Lafayette to receive $675,000 to research the existence of gravitational waves
A Lafayette college physics professor and his research team was recently allocated a $675,000 share of a multi-million dollar grant for research on gravitational waves.
The $14.5 million dollar grant from the National Science Foundation was allotted to certain institutions across the country participating in gravitational wave research. The grant was received by the North American Nanohertz Observatory for Gravitational Waves Physics, or NANOGrav, an organization that Lafayette physics professor David Nice has been a part of for over a decade.

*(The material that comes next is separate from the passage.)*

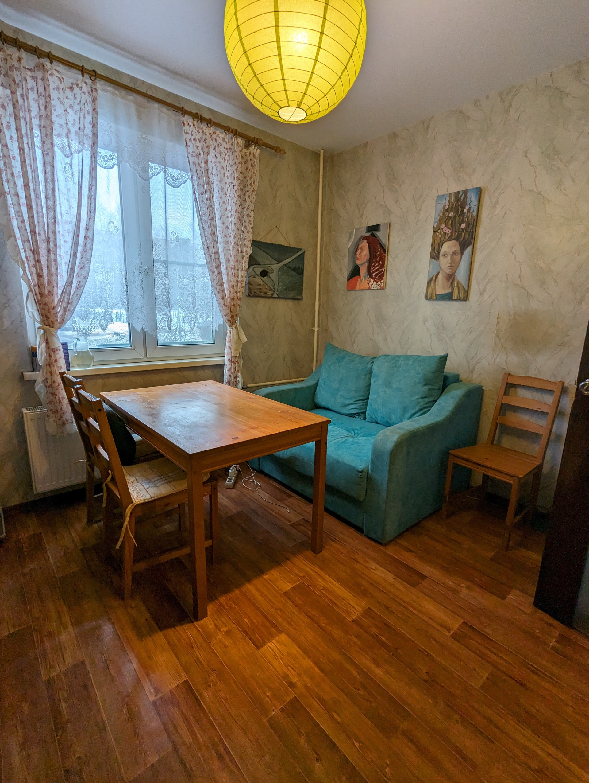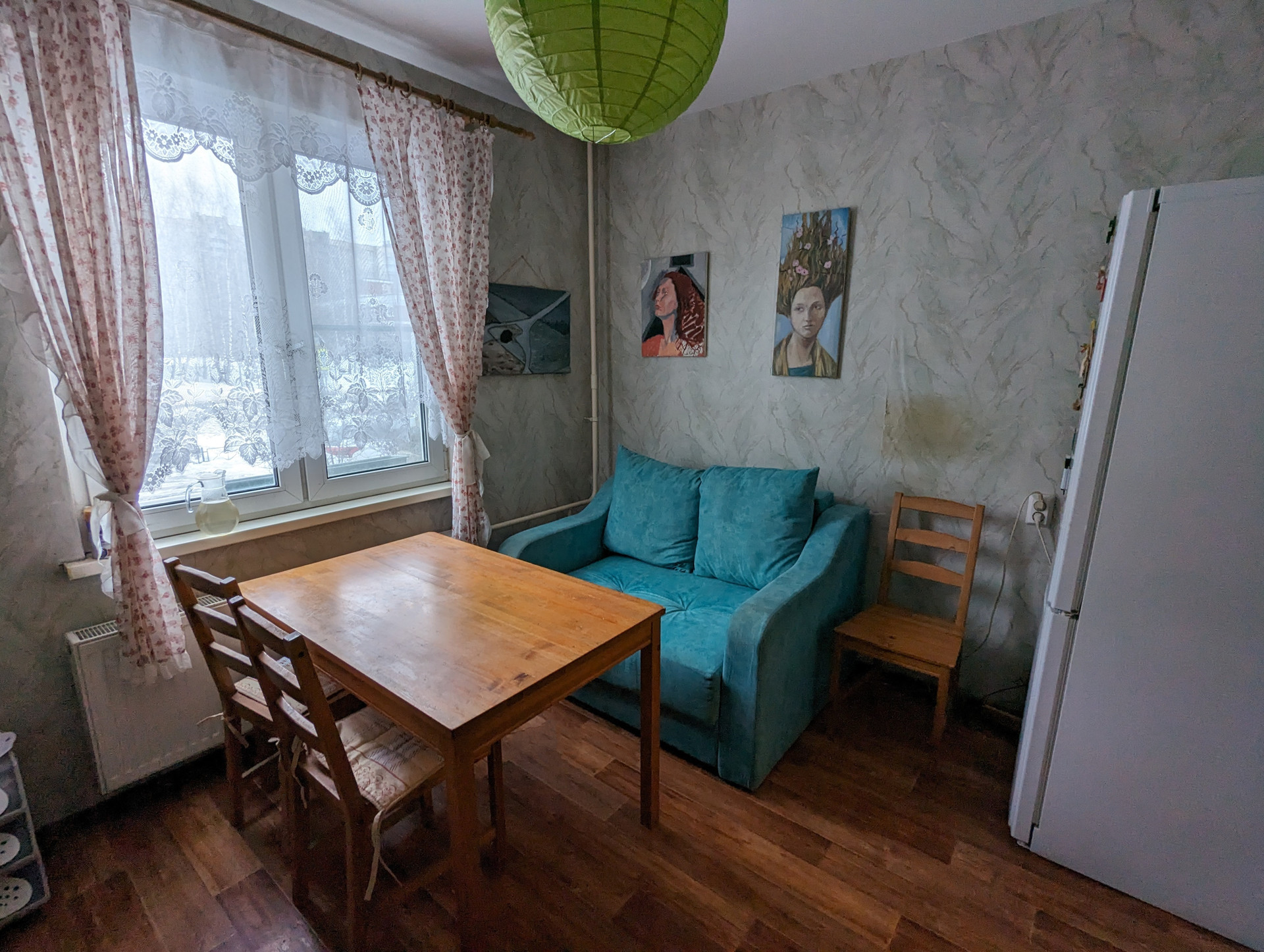 Квартира теплая, окна выходят на тихую, зеленую улицу.

Along with nine other institutions, including Franklin and Marshall College and West Virginia University, Lafayette’s team is attempting to directly detect gravitational waves through the observation of pulsar stars—a type of star that spins quickly, releasing electromagnetic radiation. Gravitational waves are ripples in space-time caused by massive objects, like black holes, accelerating and orbiting each other, which then affect pulsars’ motion.

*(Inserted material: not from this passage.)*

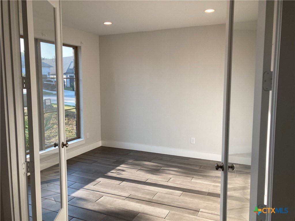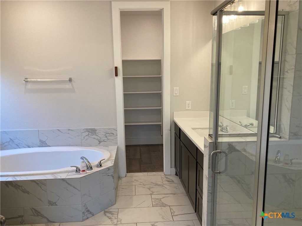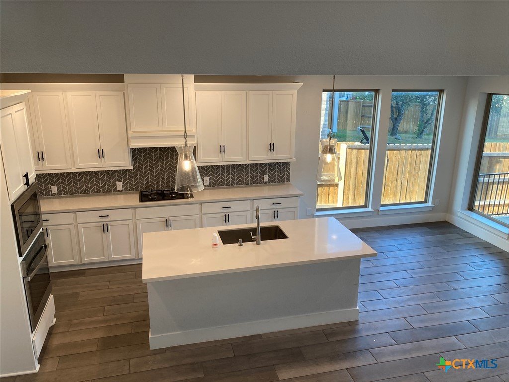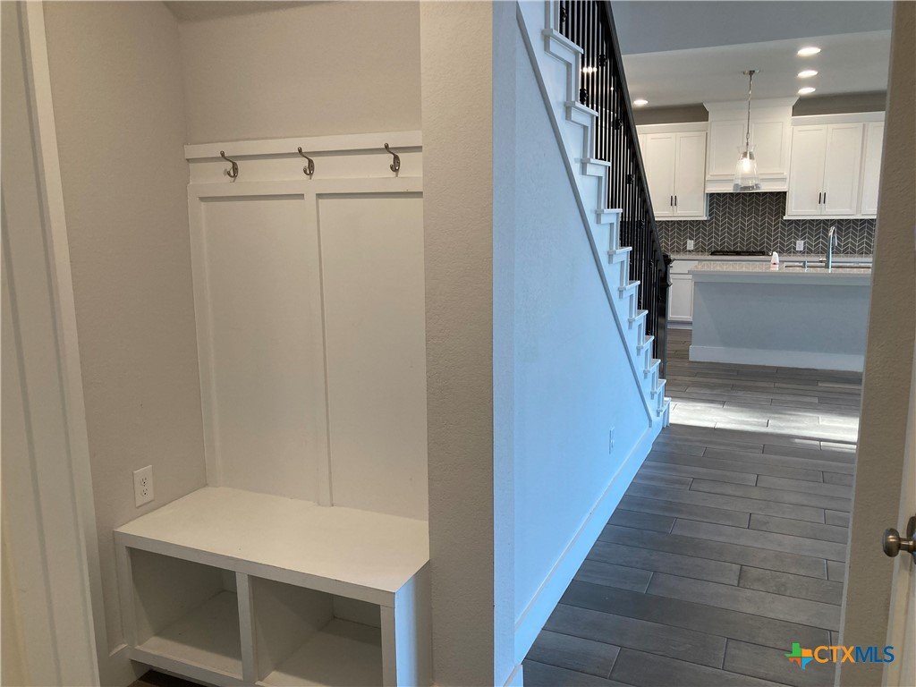 Opportunity Knocks with this stunning, Perry Homes, residence in the 6 Creeks subdivision in Kyle TX. Built in 2022, this one offers 2688 sqft in a 2 story plan with 4 br, 3.5 ba, 2 living areas and many unique features. First up, at the grand entry, is the office with glass pane french doors & recessed lighting, then a centrally located 1/2 bath followed by the kitchen, eating area and main living area with 19' ceilings and a wall of windows letting in abundant natural light along with views of the large covered patio and fenced back yard. Featured from the garage entry is a convenient mud room with bench seat, coat rack, closet & the utility room. The kitchen has a center island with eating overhang, quartz counters, stainless appliances, gas cook top, large walk-in pantry and abundant cabinet space. The primary bedroom suite, on the lower level, has it's own wall of windows and a spacious dual vanity, separate glass enclosed shower, soaking tub and walk-in closet arrangement. The lower level and all wet areas have tile floors. The second floor offers a 2nd living area/game room, 3 bedrooms with walk-in closets, 2 linen closets and one of these secondary bedrooms has it's own dedicated full bathroom. Nest Thermostats on the zoned heating/cooling system. Notable exterior features include: 4 sides brick, heavy composition shingled roof, full gutters, peach tree, sprinkler system, landscaping, covered front porch entry and the covered back porch with recessed lighting and ceiling fan. The community amenities of the Hoa include, but not limited to: a pool, pond, park, clubhouse, community center, playground, trails and more.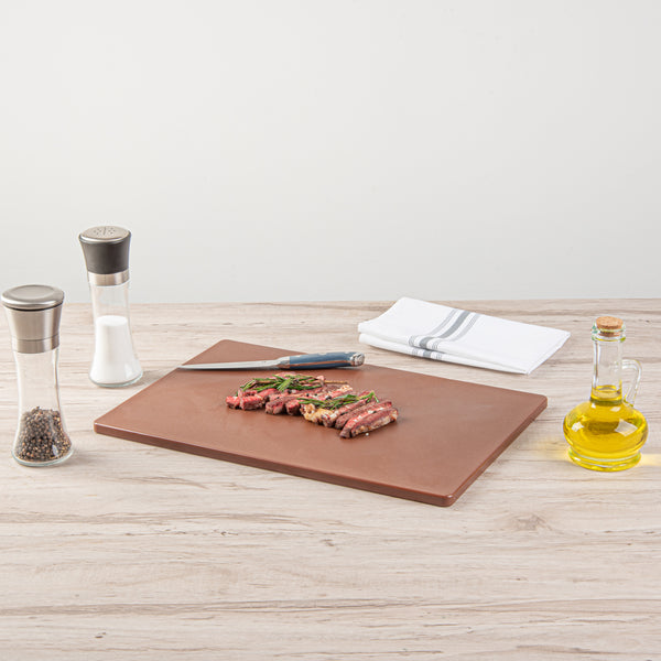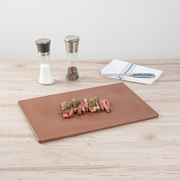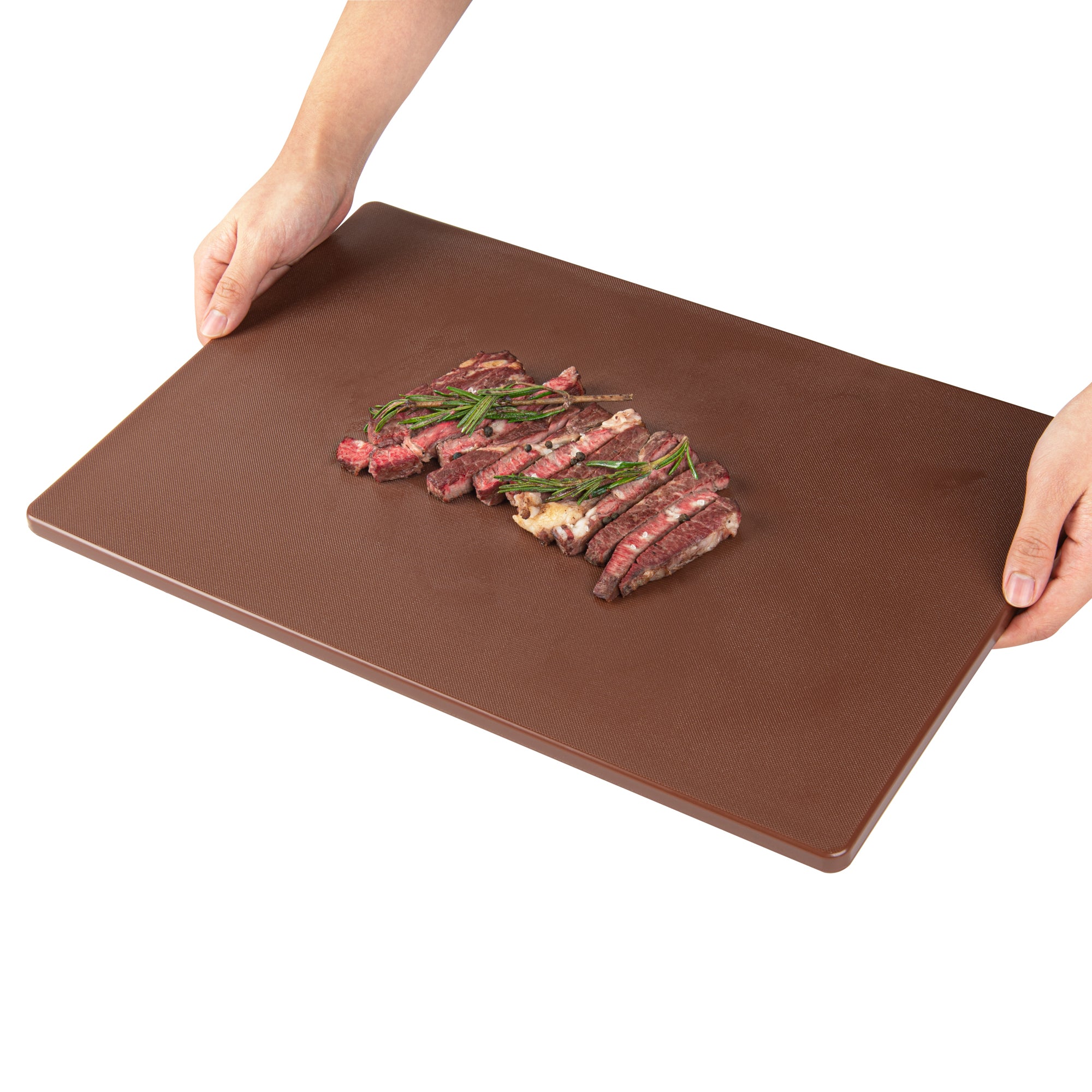 These color-coded cutting boards establish a system of assigning red to raw meats, green to fruits and vegetables, and yellow to poultry significantly increases cleanliness and enables the kitchen staff to quickly identify and use the correct board for each food type. These cutting boards come in different colors to comply with the HACCP standards.

Gravitational waves were predicted by Albert Einstein in his Theory of Relativity, but have never been directly detected. There is strong indirect evidence of their existence, Nice said, but no direct evidence, which is the purpose of NANOGRav research.
“The main goal is trying, through some mathematical model, to predict the time of arrival of the pulsars,”physics major and EXCEL research student Hao Lu ‘16 said.

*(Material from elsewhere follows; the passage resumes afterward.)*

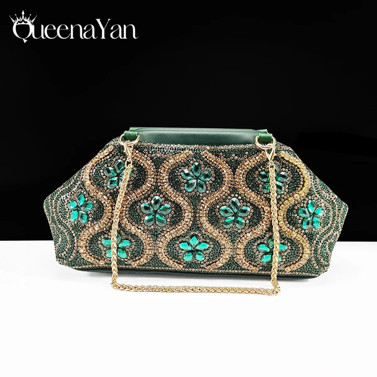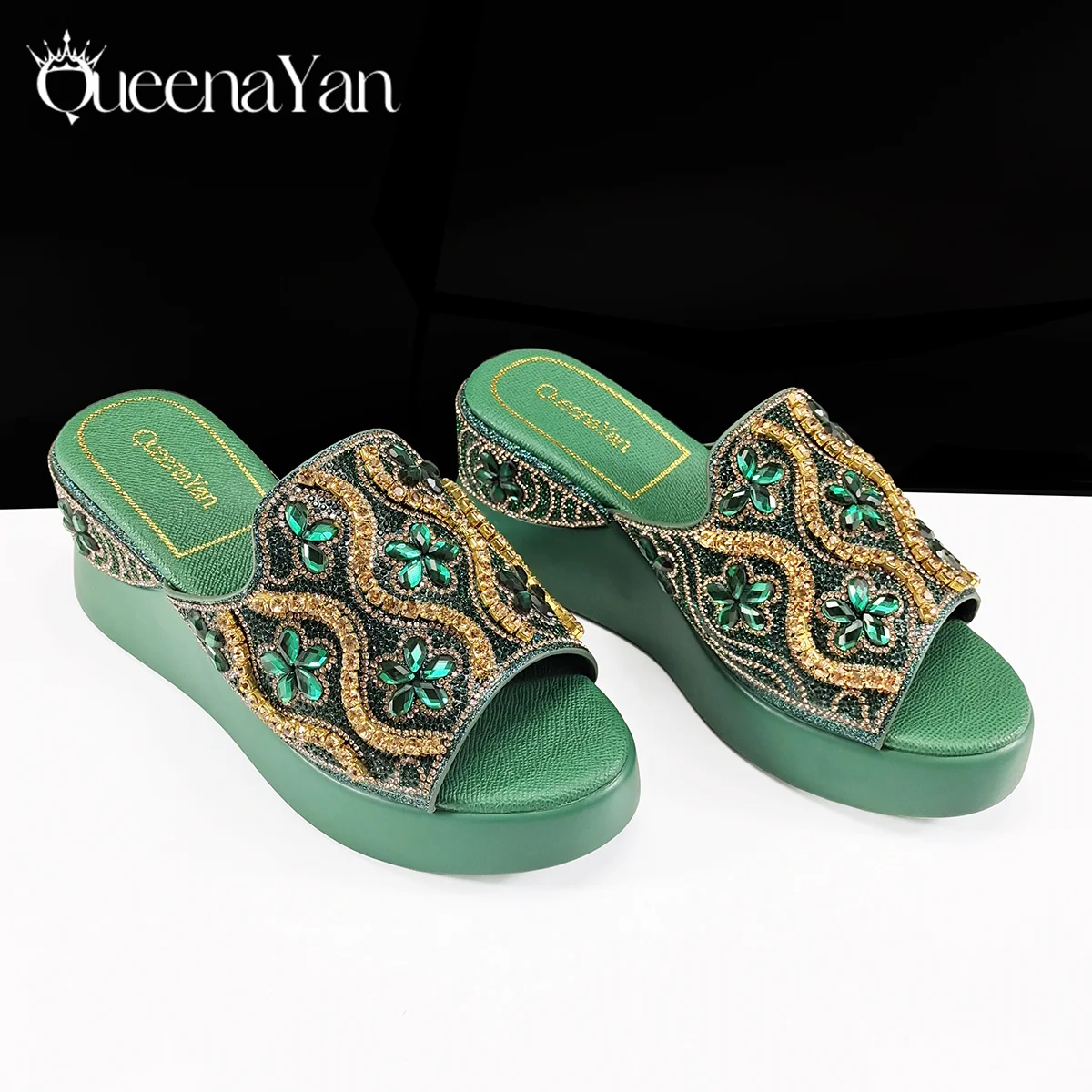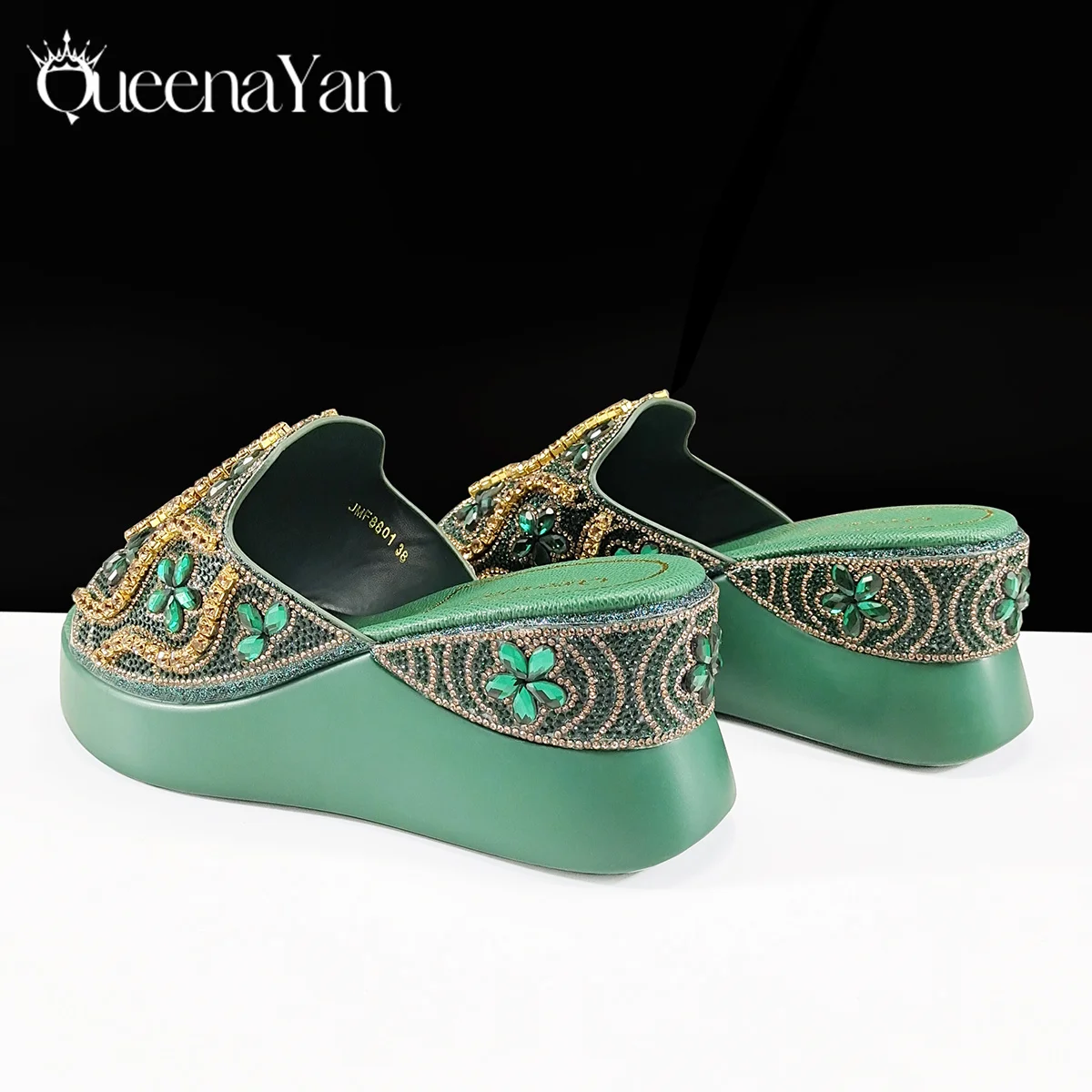Queena Yan High Quality 2025 Newst Hot Selling Open Toe Slingback Sandals with Bag Set in Green Color For Women Wedding Party

With this grant, the college will be able to provide more research opportunities for students interested in this field of study. The grant can also fund a post-doctoral researcher who, according to Nice, will come to the school within the next couple of years to assist in multiple ways. Travel expenses will also be more easily covered. Nice and his team of EXCEL students have made multiple trips to the Arecibo Observatory in Puerto Rico, where the radio telescope they gather data from is located.
Although they can access the telescope remotely, it is necessary to meet with other experimental and observational astronomers and theorists occasionally. One of Nice’s research students, Allison Matthews‘15, presented her thesis on gravitational waves at a conference in Puerto Rico this past February.
“For future career options, it’s really great to meet people,”said Matthews, a physics and math double major. “Students will have to possibility to make the networking connections with scientists all around the world because this is an international collaboration.”
Everyone involved acknowledges the benefits of research opportunities for students.
“I think it’s really neat to be able to do cutting edge research and be able to do that at a liberal arts school,”Nice said.
Along with Lu and Matthews, Sarah Henderson ’16 and Enia Xhakaj’17 have been involved with the research as EXCEL scholars as well.
“To be involved with this kind of high level collaboration with other excellent schools is not only a benefit to the individual researchers, but also a benefit to the to the college,”President Alison Byerly said. “Placing us on a par with other institutions undertaking substantial research I think…is enormously beneficial to Lafayette.”